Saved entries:

Segment Open

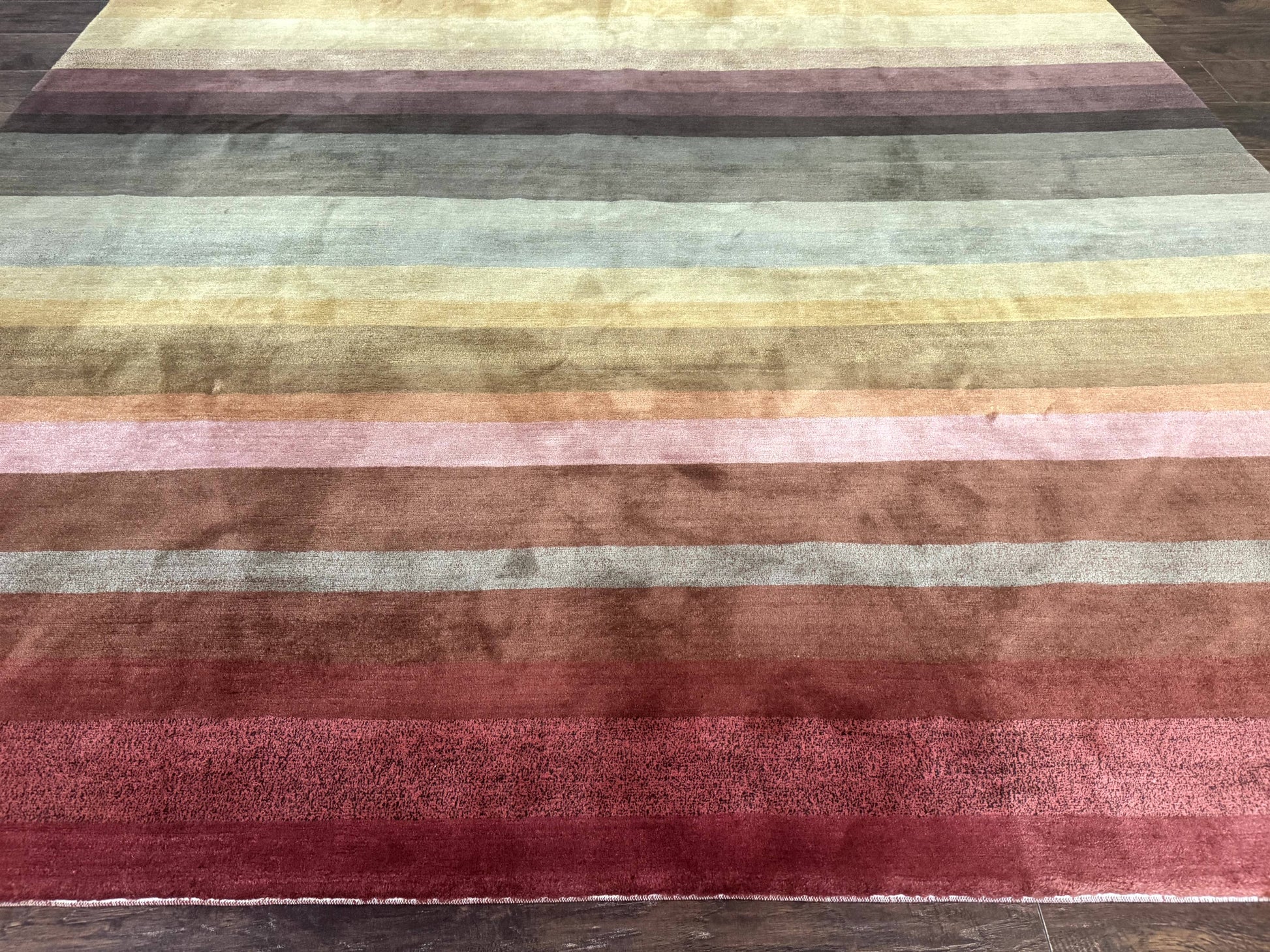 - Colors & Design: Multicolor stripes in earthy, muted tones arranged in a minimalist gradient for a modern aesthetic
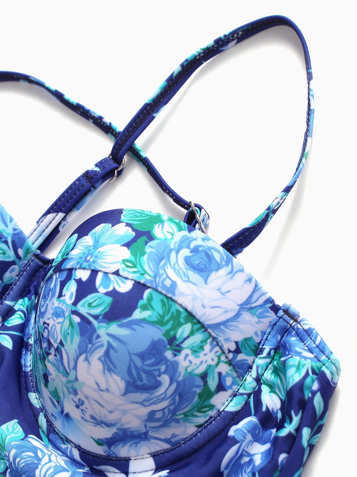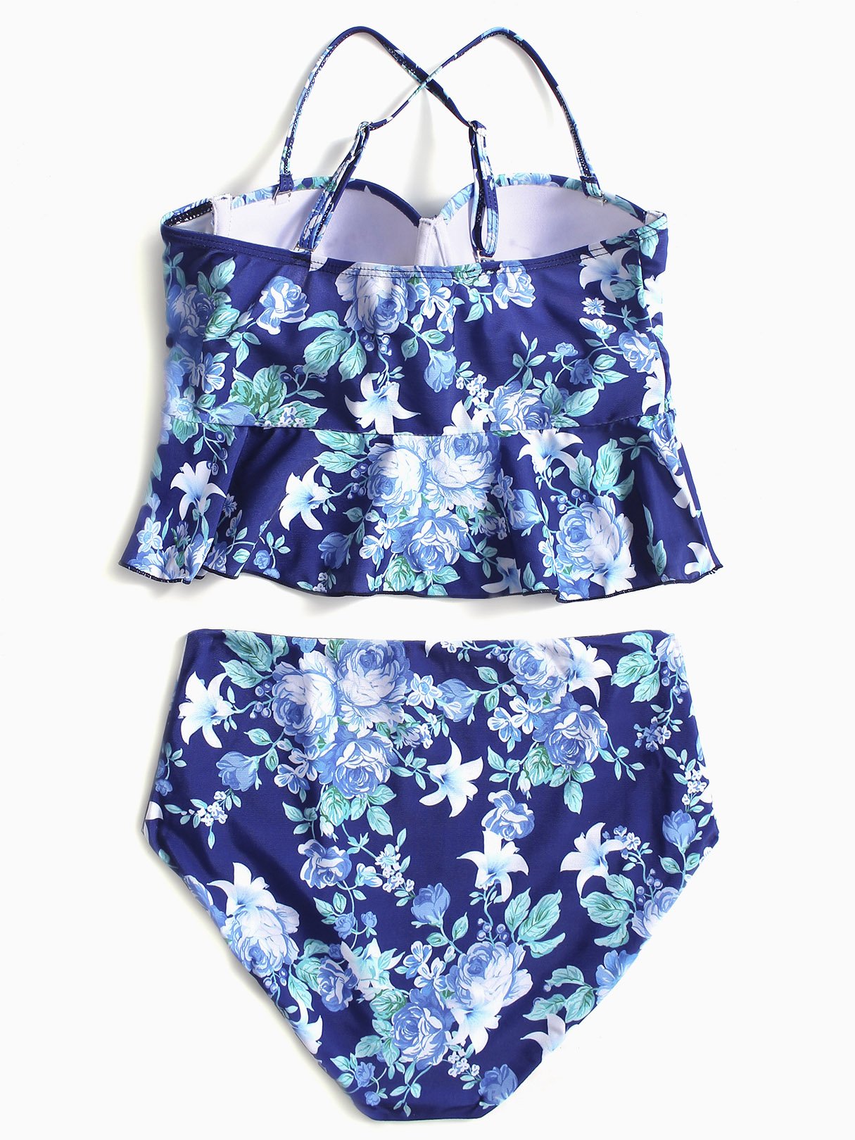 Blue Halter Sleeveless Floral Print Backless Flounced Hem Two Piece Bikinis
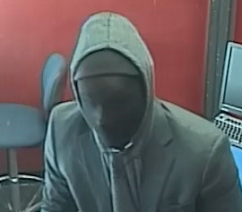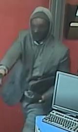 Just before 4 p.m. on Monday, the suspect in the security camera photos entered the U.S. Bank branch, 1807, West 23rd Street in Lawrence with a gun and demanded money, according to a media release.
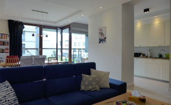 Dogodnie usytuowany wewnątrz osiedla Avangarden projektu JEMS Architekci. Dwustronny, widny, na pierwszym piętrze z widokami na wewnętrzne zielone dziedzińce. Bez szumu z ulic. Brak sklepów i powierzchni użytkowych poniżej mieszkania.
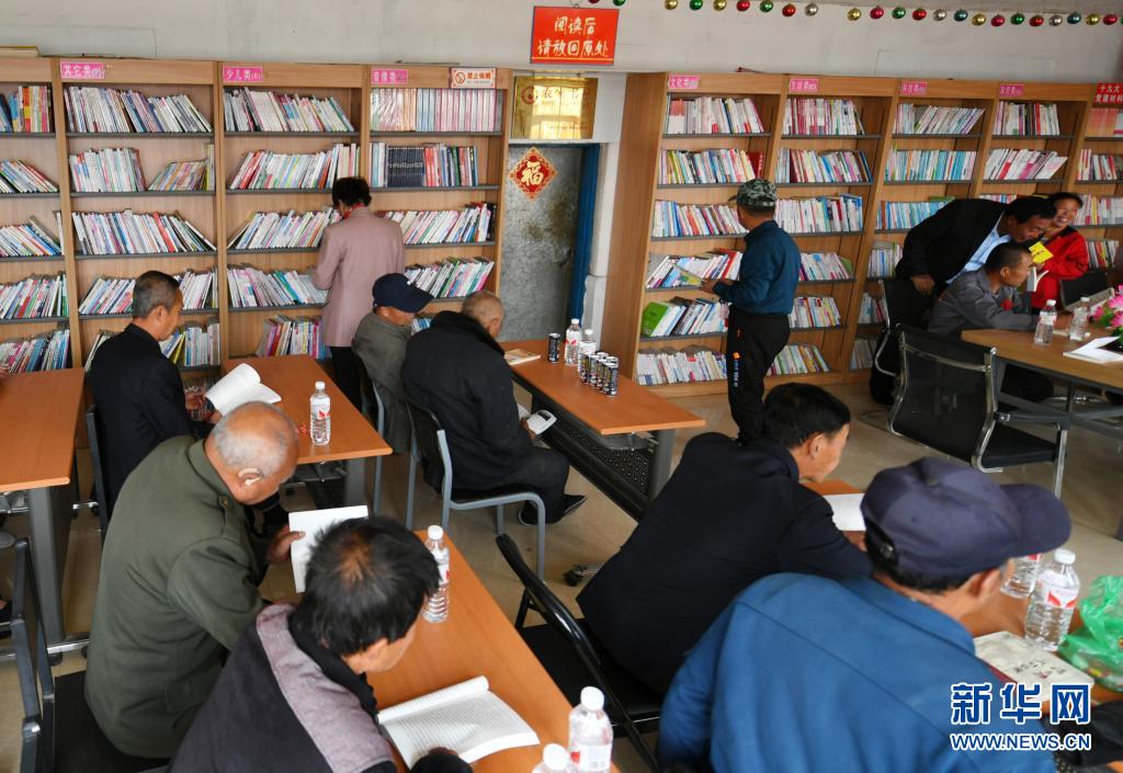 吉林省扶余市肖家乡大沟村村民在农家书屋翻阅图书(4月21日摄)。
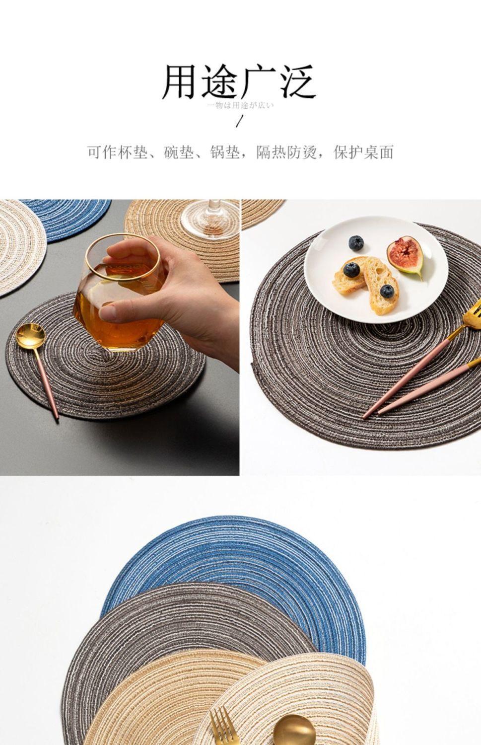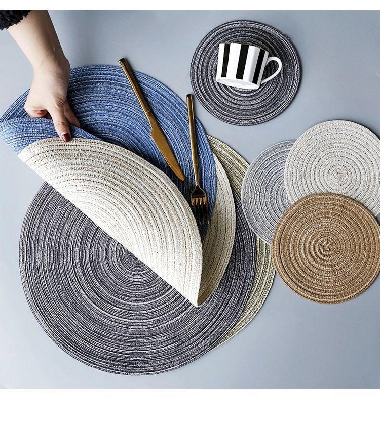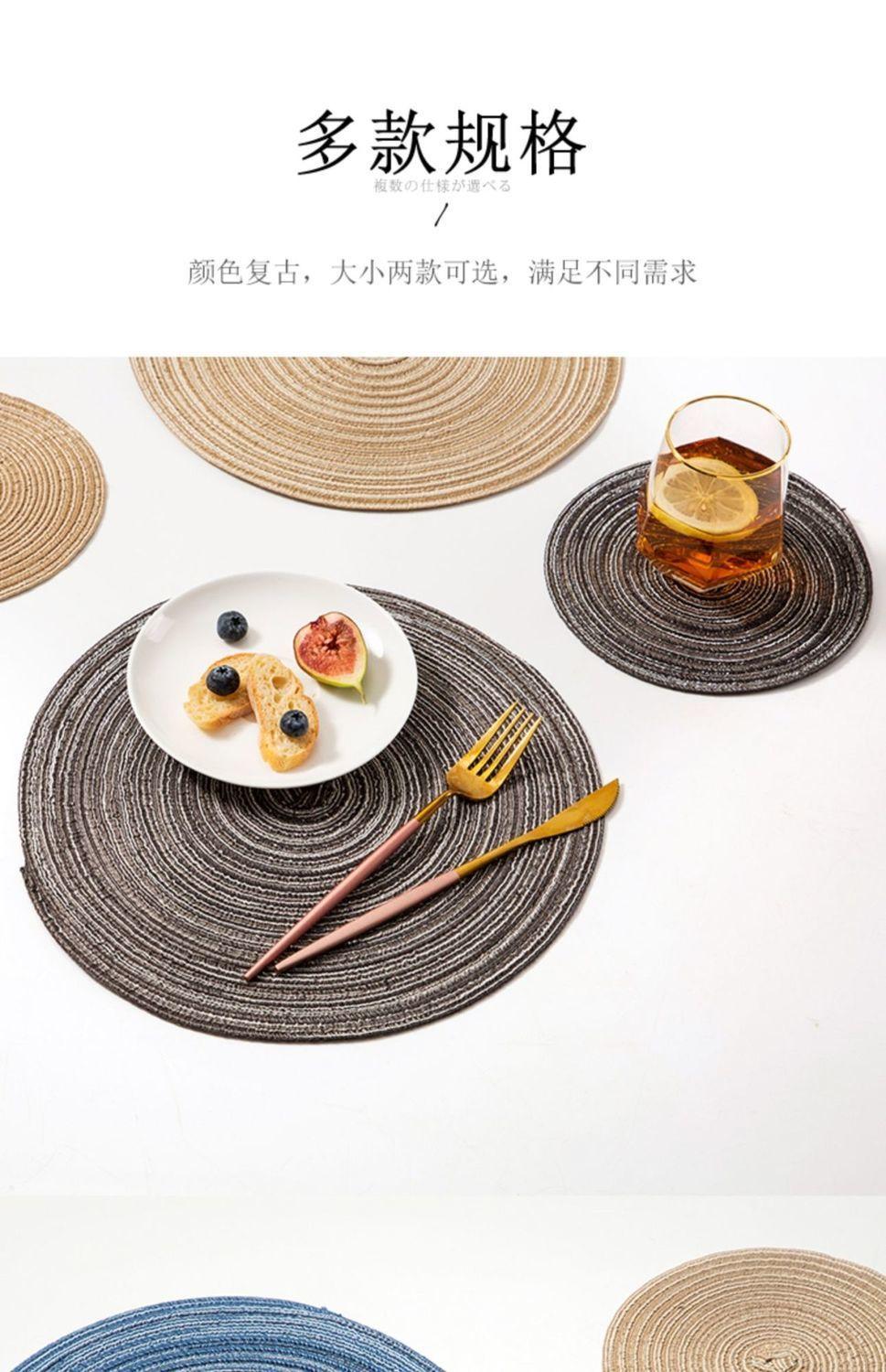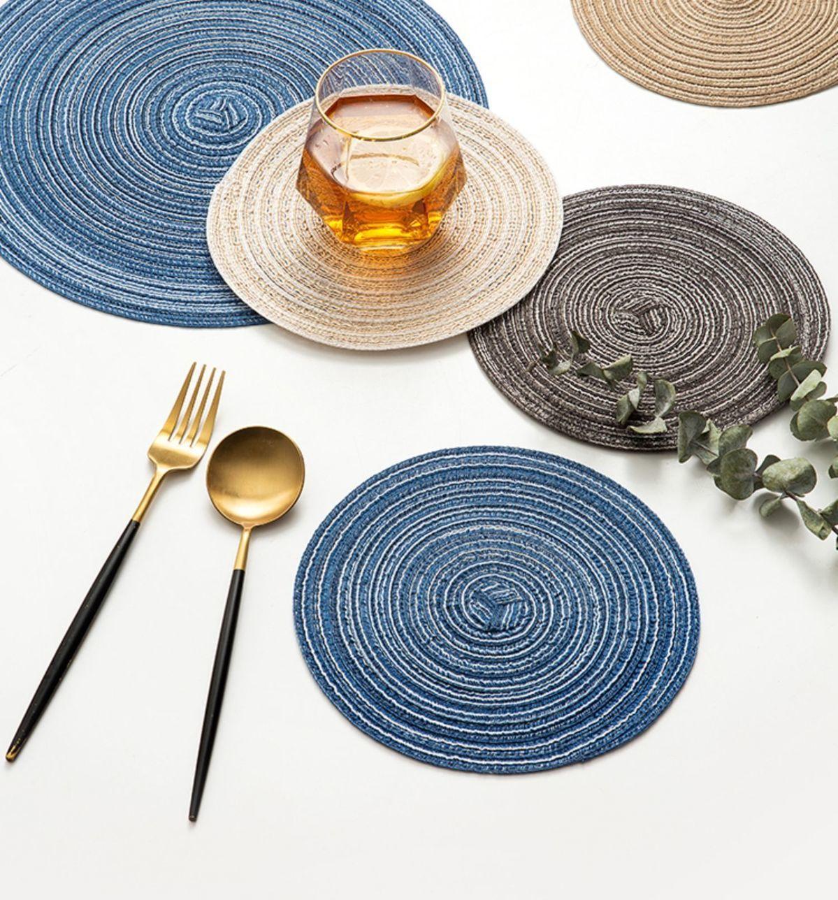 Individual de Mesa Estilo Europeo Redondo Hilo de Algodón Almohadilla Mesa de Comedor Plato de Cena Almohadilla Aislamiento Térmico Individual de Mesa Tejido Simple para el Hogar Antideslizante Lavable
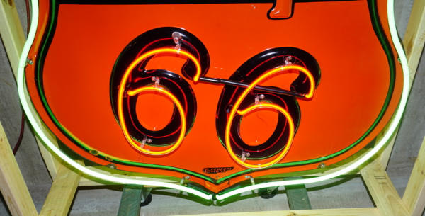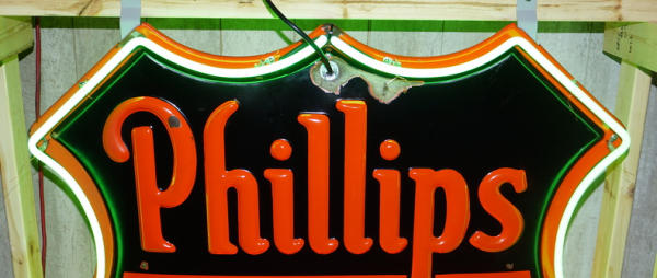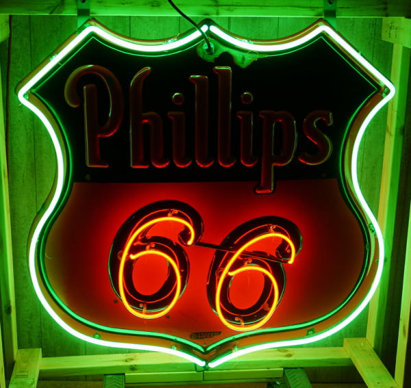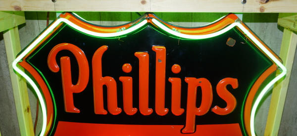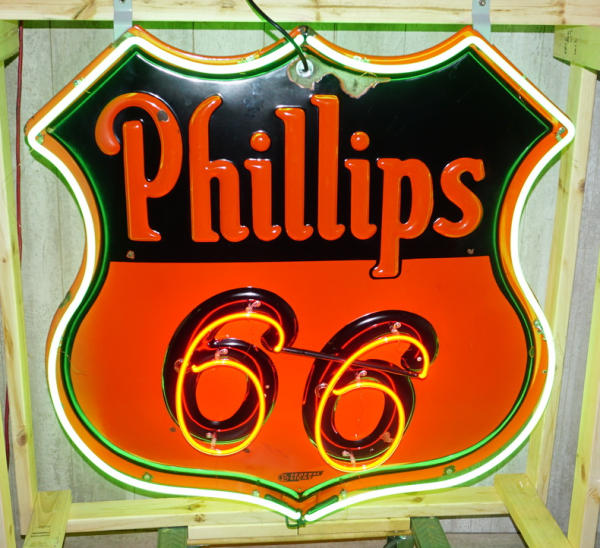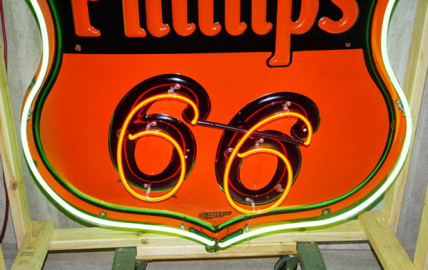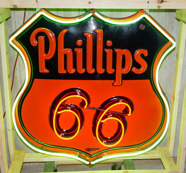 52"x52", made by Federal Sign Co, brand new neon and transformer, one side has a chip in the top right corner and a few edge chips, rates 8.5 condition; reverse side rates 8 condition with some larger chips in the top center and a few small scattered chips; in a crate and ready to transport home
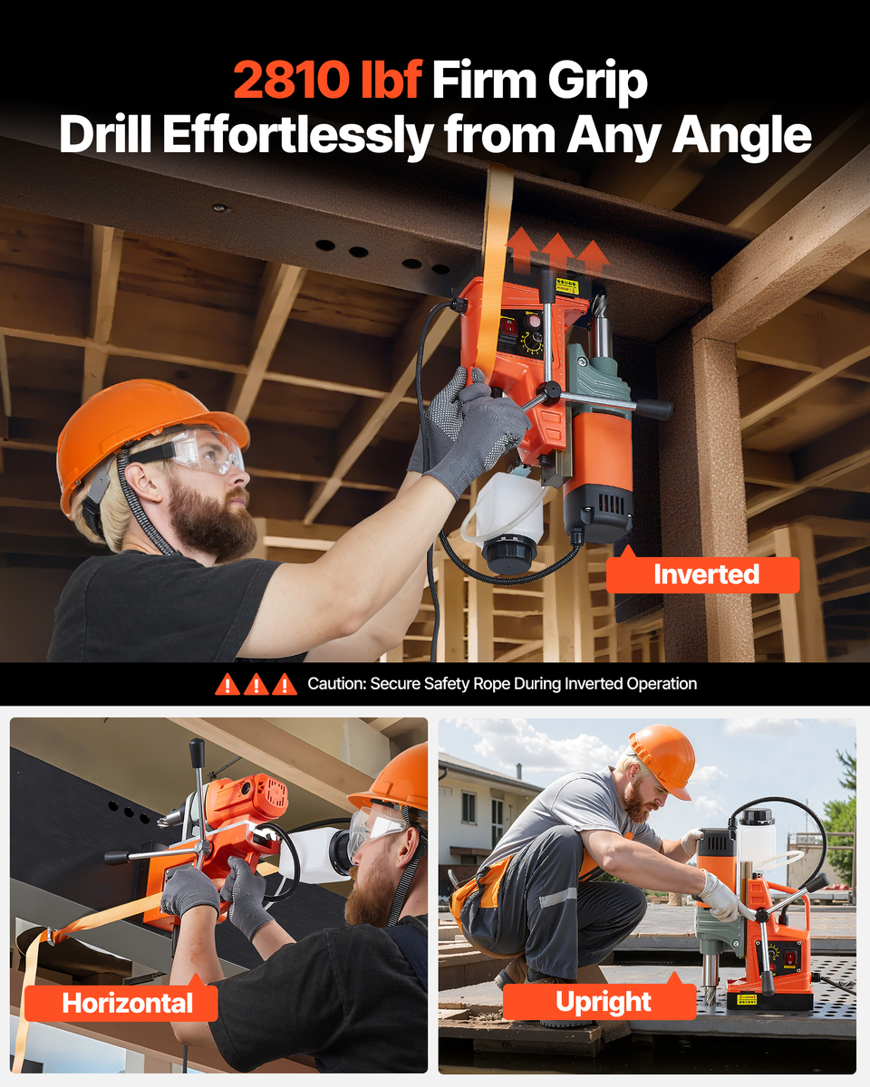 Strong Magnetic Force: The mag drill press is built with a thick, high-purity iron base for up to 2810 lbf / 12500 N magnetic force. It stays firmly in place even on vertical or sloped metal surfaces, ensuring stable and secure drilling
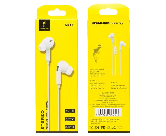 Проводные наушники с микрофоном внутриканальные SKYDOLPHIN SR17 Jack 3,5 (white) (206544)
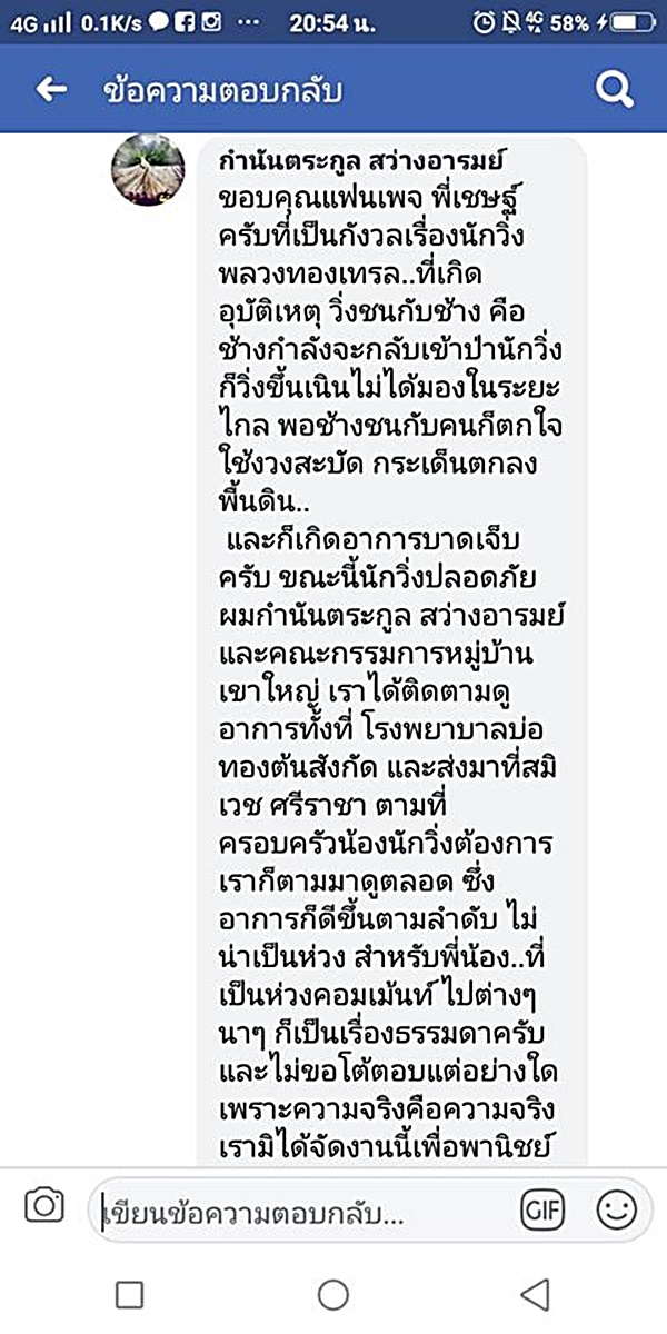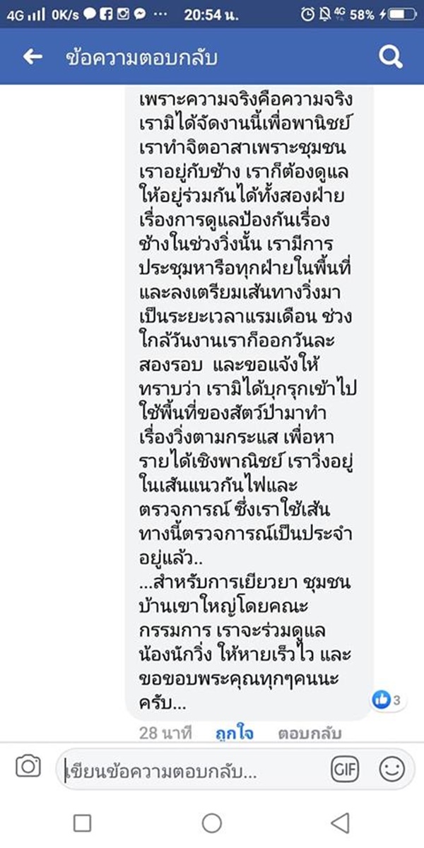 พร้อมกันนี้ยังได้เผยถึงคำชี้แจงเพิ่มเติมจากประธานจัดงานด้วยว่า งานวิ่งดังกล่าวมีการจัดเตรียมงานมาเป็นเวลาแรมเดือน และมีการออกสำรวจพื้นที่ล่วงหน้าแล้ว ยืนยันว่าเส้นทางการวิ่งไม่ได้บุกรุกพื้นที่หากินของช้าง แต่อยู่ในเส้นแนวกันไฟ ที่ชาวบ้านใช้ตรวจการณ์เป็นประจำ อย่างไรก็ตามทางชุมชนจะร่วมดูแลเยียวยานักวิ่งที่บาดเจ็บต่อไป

Segment Closed

## What you are asked to do
The lines to reproduce run from the one above containing "Individual de Mesa Estilo" through the one containing "Strong Magnetic Force: The". Copy them exactly and leave out all pictures.

## Solution for this problem
 Individual de Mesa Estilo Europeo Redondo Hilo de Algodón Almohadilla Mesa de Comedor Plato de Cena Almohadilla Aislamiento Térmico Individual de Mesa Tejido Simple para el Hogar Antideslizante Lavable
 52"x52", made by Federal Sign Co, brand new neon and transformer, one side has a chip in the top right corner and a few edge chips, rates 8.5 condition; reverse side rates 8 condition with some larger chips in the top center and a few small scattered chips; in a crate and ready to transport home
 Strong Magnetic Force: The mag drill press is built with a thick, high-purity iron base for up to 2810 lbf / 12500 N magnetic force. It stays firmly in place even on vertical or sloped metal surfaces, ensuring stable and secure drilling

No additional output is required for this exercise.